*RECORDED INFORMATION:*

■ ■ ■ ■ ■ ■ ■

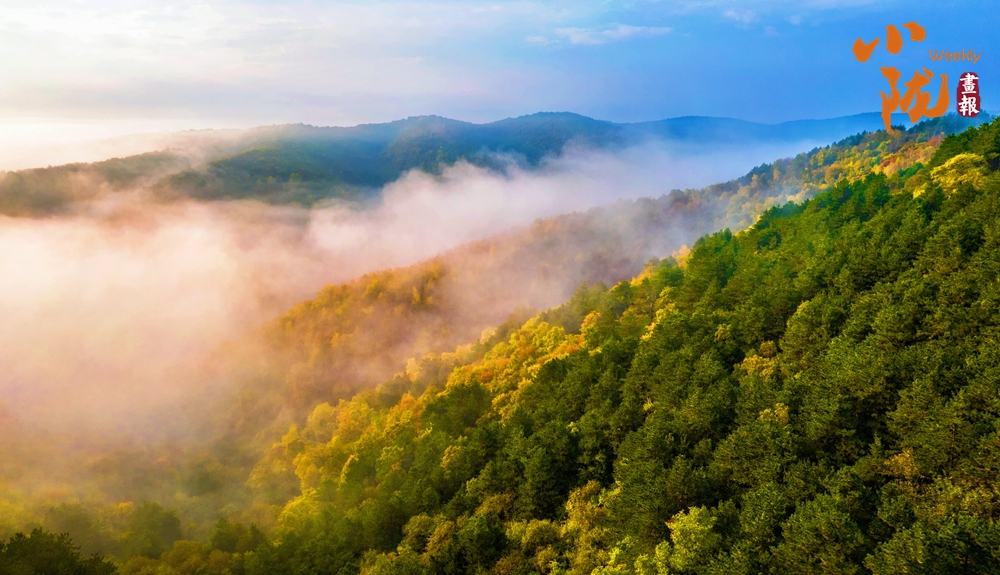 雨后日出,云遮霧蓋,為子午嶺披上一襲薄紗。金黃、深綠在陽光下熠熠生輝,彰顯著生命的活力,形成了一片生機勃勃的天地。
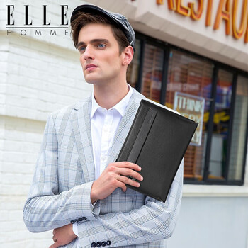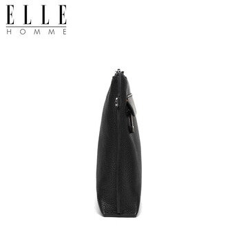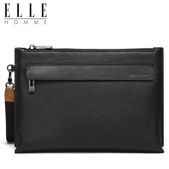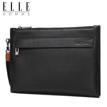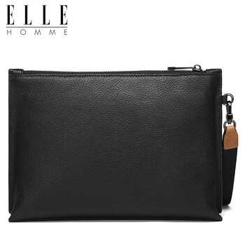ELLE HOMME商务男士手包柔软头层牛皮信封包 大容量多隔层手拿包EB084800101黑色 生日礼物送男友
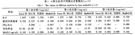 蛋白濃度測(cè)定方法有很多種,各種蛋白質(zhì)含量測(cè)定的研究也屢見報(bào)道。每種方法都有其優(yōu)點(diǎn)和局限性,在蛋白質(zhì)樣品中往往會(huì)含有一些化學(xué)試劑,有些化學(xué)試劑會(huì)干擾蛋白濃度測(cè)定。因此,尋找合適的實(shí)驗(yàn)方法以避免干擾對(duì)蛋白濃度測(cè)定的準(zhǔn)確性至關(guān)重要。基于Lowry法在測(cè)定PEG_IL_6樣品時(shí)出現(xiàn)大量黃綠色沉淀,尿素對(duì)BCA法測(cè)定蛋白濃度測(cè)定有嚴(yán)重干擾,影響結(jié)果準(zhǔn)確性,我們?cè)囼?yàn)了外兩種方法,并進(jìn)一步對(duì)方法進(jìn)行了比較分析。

■ ■ ■ ■ ■ ■ ■

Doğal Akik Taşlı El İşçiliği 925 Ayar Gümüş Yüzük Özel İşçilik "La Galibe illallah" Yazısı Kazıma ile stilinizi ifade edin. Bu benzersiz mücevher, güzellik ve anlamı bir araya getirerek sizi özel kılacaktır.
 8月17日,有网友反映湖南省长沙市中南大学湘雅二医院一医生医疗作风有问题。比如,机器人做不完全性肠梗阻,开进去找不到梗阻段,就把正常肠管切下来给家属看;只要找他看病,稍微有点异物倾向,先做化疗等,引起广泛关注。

■ ■ ■ ■ ■ ■ ■

*PROBLEM TO WORK ON:*
Above are some entries. Restate word for word the lines from the one holding "ELLE HOMME商务男士手包柔软头层牛皮信封包 大容量多隔层手拿包EB084800101黑色" through the one holding "蛋白濃度測(cè)定方法有很", but not the pictures.

*RESPONSE AREA:*
ELLE HOMME商务男士手包柔软头层牛皮信封包 大容量多隔层手拿包EB084800101黑色 生日礼物送男友
 蛋白濃度測(cè)定方法有很多種,各種蛋白質(zhì)含量測(cè)定的研究也屢見報(bào)道。每種方法都有其優(yōu)點(diǎn)和局限性,在蛋白質(zhì)樣品中往往會(huì)含有一些化學(xué)試劑,有些化學(xué)試劑會(huì)干擾蛋白濃度測(cè)定。因此,尋找合適的實(shí)驗(yàn)方法以避免干擾對(duì)蛋白濃度測(cè)定的準(zhǔn)確性至關(guān)重要。基于Lowry法在測(cè)定PEG_IL_6樣品時(shí)出現(xiàn)大量黃綠色沉淀,尿素對(duì)BCA法測(cè)定蛋白濃度測(cè)定有嚴(yán)重干擾,影響結(jié)果準(zhǔn)確性,我們?cè)囼?yàn)了外兩種方法,并進(jìn)一步對(duì)方法進(jìn)行了比較分析。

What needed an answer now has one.